>>>>>
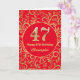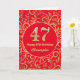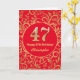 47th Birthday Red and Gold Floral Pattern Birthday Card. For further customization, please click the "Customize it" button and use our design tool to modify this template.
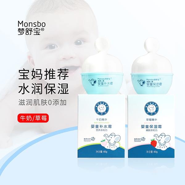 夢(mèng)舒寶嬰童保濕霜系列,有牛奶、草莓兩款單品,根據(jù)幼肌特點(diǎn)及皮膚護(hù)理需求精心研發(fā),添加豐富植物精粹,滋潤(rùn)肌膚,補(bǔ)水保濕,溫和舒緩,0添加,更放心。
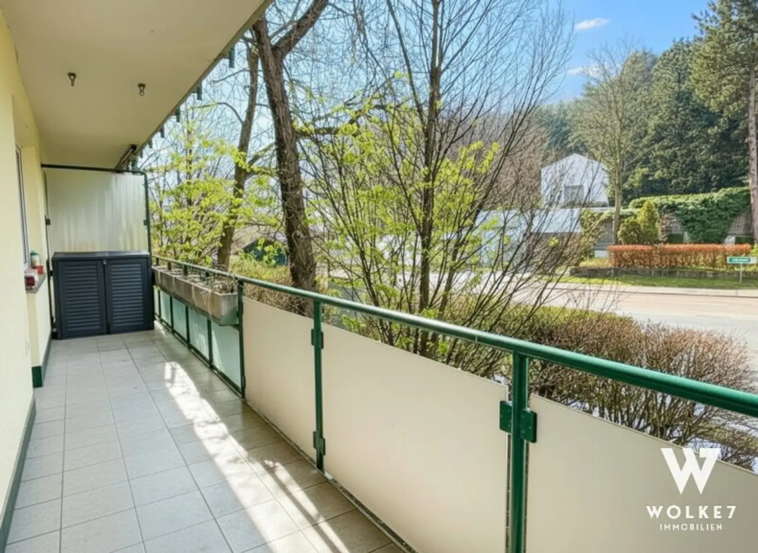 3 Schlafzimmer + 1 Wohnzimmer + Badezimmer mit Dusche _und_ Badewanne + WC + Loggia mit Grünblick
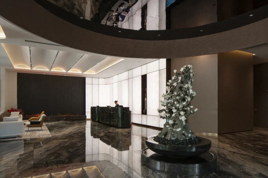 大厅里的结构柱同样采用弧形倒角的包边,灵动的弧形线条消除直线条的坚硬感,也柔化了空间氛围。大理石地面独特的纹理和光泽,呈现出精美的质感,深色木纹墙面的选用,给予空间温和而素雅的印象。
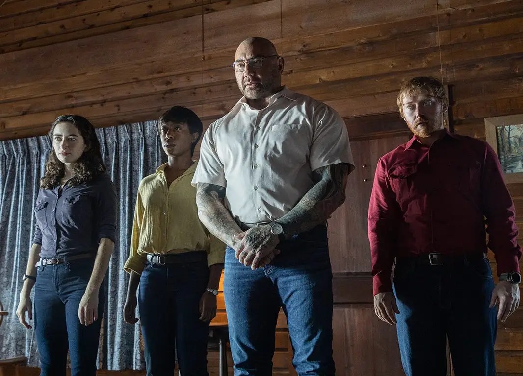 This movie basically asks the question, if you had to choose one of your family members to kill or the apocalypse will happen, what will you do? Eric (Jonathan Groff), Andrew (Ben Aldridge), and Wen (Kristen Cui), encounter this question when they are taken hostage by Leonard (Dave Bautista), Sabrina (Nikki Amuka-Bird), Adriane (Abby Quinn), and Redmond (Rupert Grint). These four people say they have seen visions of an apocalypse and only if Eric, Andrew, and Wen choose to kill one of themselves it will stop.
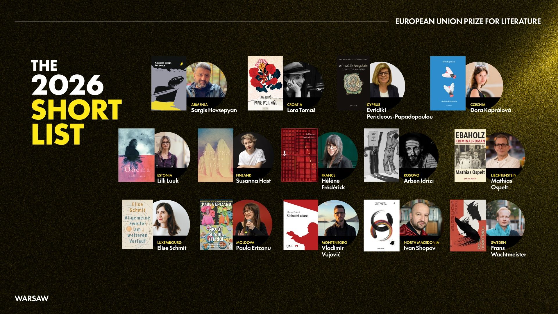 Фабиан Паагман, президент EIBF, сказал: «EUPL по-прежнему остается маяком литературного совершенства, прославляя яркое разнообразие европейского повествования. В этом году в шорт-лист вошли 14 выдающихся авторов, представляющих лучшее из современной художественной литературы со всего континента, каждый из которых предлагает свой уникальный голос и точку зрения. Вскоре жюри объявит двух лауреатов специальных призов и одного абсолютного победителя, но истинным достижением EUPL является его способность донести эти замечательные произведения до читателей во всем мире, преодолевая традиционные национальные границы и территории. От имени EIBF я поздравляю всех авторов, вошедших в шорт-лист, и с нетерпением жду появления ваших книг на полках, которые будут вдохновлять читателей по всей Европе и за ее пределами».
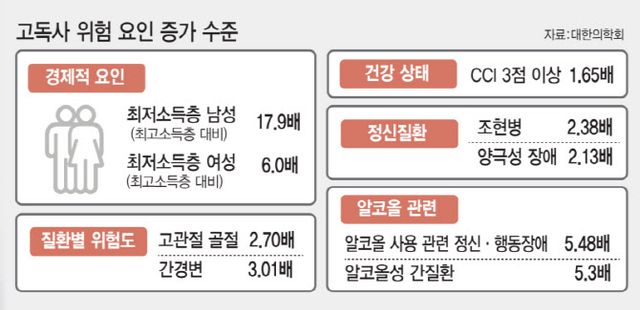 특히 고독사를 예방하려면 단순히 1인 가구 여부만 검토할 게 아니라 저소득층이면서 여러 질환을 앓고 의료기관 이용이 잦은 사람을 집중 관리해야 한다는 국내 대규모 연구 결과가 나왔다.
<<<<<
» **Exercise description**: Transcribe the entries above exactly, from their first line through the line with "This movie basically", and omit all pictures.

» **Your response**:
 47th Birthday Red and Gold Floral Pattern Birthday Card. For further customization, please click the "Customize it" button and use our design tool to modify this template.
 夢(mèng)舒寶嬰童保濕霜系列,有牛奶、草莓兩款單品,根據(jù)幼肌特點(diǎn)及皮膚護(hù)理需求精心研發(fā),添加豐富植物精粹,滋潤(rùn)肌膚,補(bǔ)水保濕,溫和舒緩,0添加,更放心。
 3 Schlafzimmer + 1 Wohnzimmer + Badezimmer mit Dusche _und_ Badewanne + WC + Loggia mit Grünblick
 大厅里的结构柱同样采用弧形倒角的包边,灵动的弧形线条消除直线条的坚硬感,也柔化了空间氛围。大理石地面独特的纹理和光泽,呈现出精美的质感,深色木纹墙面的选用,给予空间温和而素雅的印象。
 This movie basically asks the question, if you had to choose one of your family members to kill or the apocalypse will happen, what will you do? Eric (Jonathan Groff), Andrew (Ben Aldridge), and Wen (Kristen Cui), encounter this question when they are taken hostage by Leonard (Dave Bautista), Sabrina (Nikki Amuka-Bird), Adriane (Abby Quinn), and Redmond (Rupert Grint). These four people say they have seen visions of an apocalypse and only if Eric, Andrew, and Wen choose to kill one of themselves it will stop.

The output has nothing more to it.